[ACTIVITY]:
Output, exactly and in full, only the lines from the one containing "ALIDAM Terrassenschirm Sonnenschirm" to the last line of the data. Pictures should not appear.

***** RAW DATA

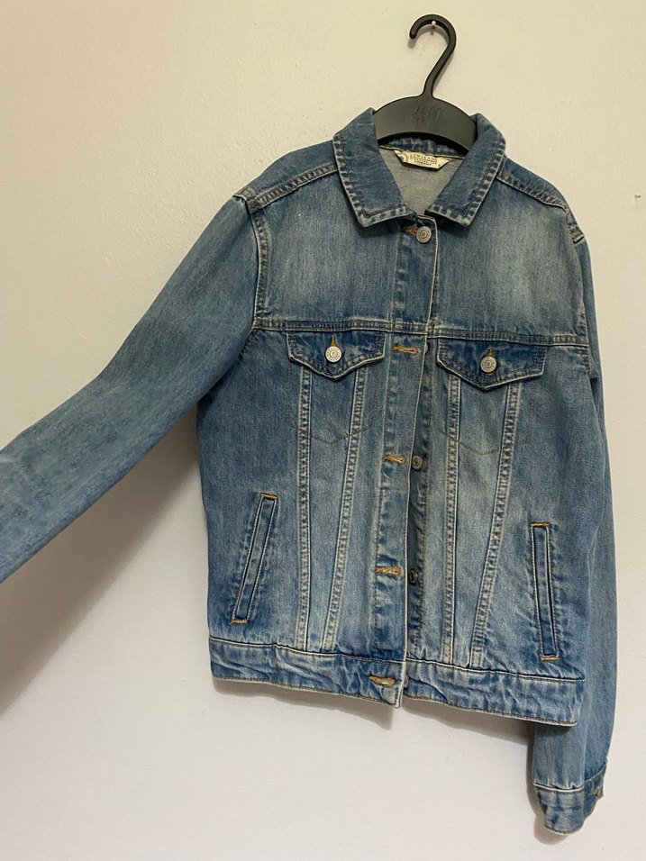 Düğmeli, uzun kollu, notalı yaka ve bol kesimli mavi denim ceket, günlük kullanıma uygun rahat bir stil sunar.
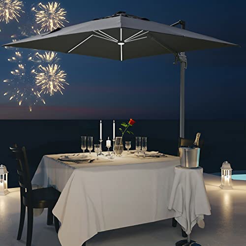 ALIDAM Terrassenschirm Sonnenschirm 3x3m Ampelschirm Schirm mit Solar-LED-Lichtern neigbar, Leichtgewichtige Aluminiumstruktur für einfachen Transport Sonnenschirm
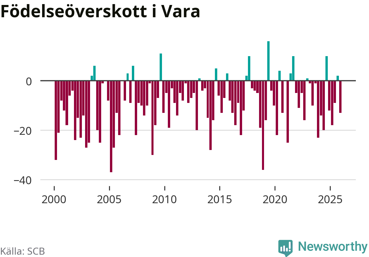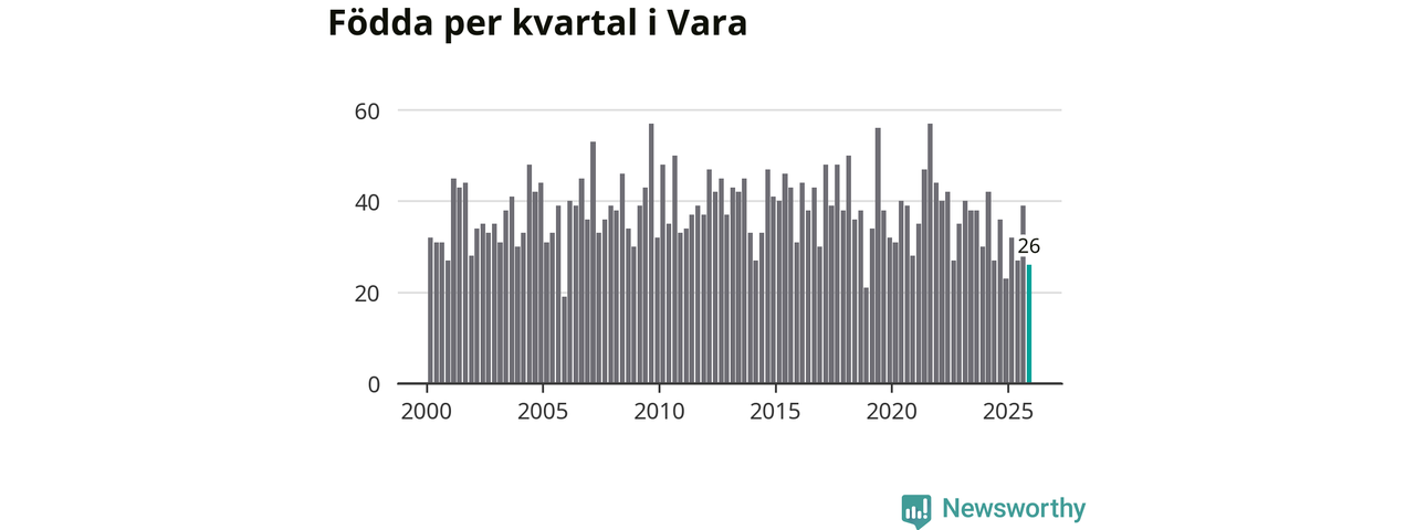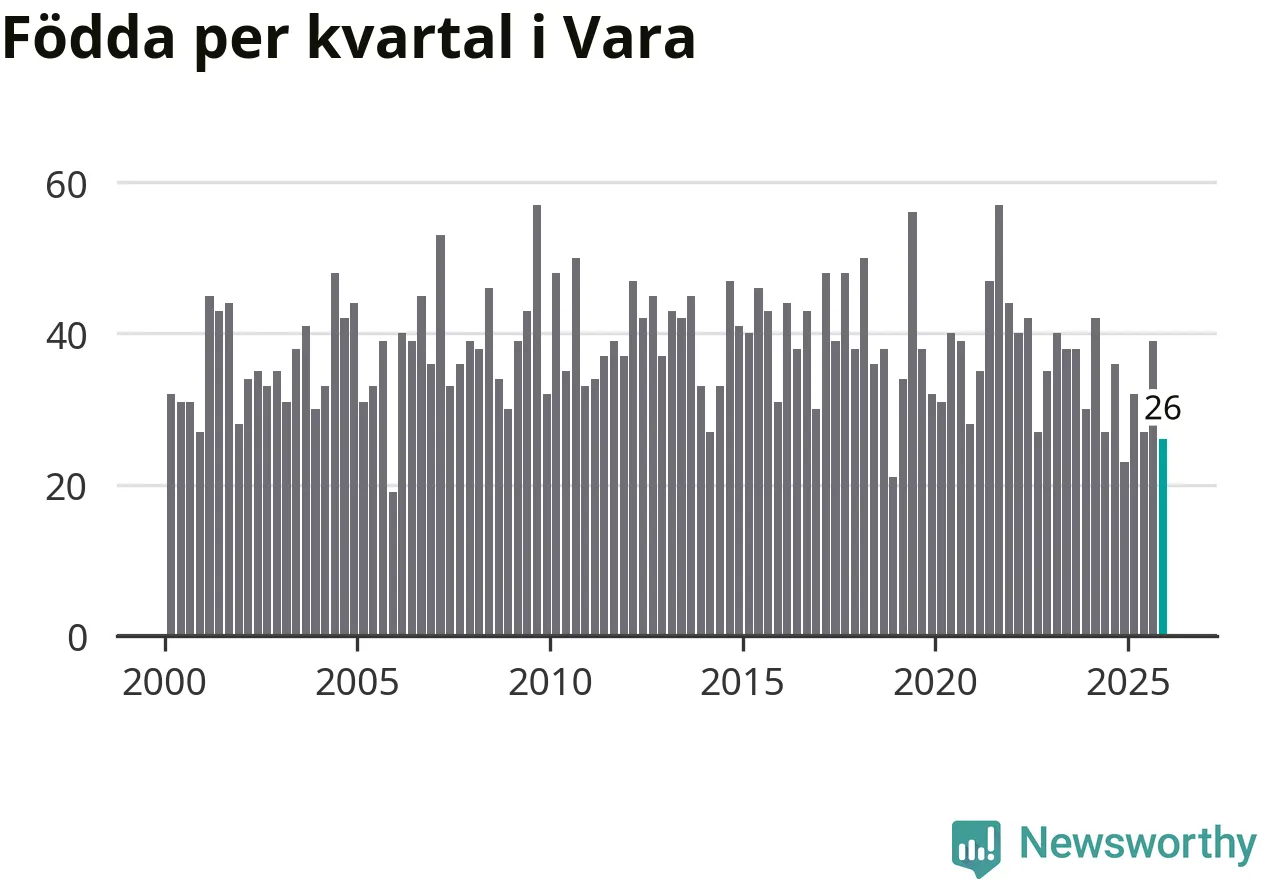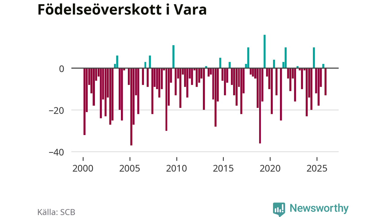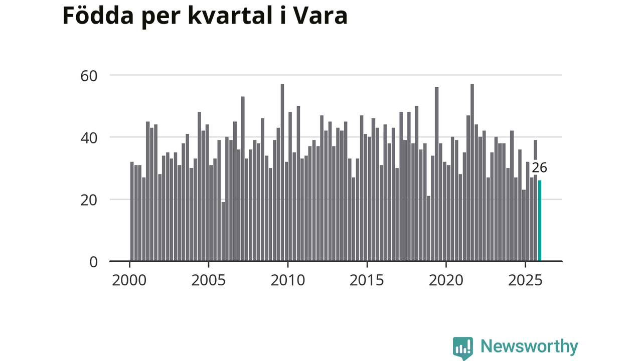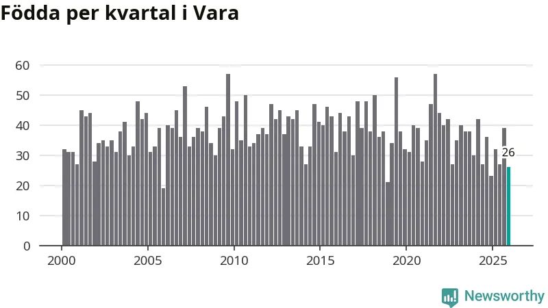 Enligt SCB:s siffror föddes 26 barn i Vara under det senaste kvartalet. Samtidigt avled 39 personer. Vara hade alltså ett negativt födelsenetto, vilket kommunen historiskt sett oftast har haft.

**********

[FINAL ANSWER]:
 ALIDAM Terrassenschirm Sonnenschirm 3x3m Ampelschirm Schirm mit Solar-LED-Lichtern neigbar, Leichtgewichtige Aluminiumstruktur für einfachen Transport Sonnenschirm
 Enligt SCB:s siffror föddes 26 barn i Vara under det senaste kvartalet. Samtidigt avled 39 personer. Vara hade alltså ett negativt födelsenetto, vilket kommunen historiskt sett oftast har haft.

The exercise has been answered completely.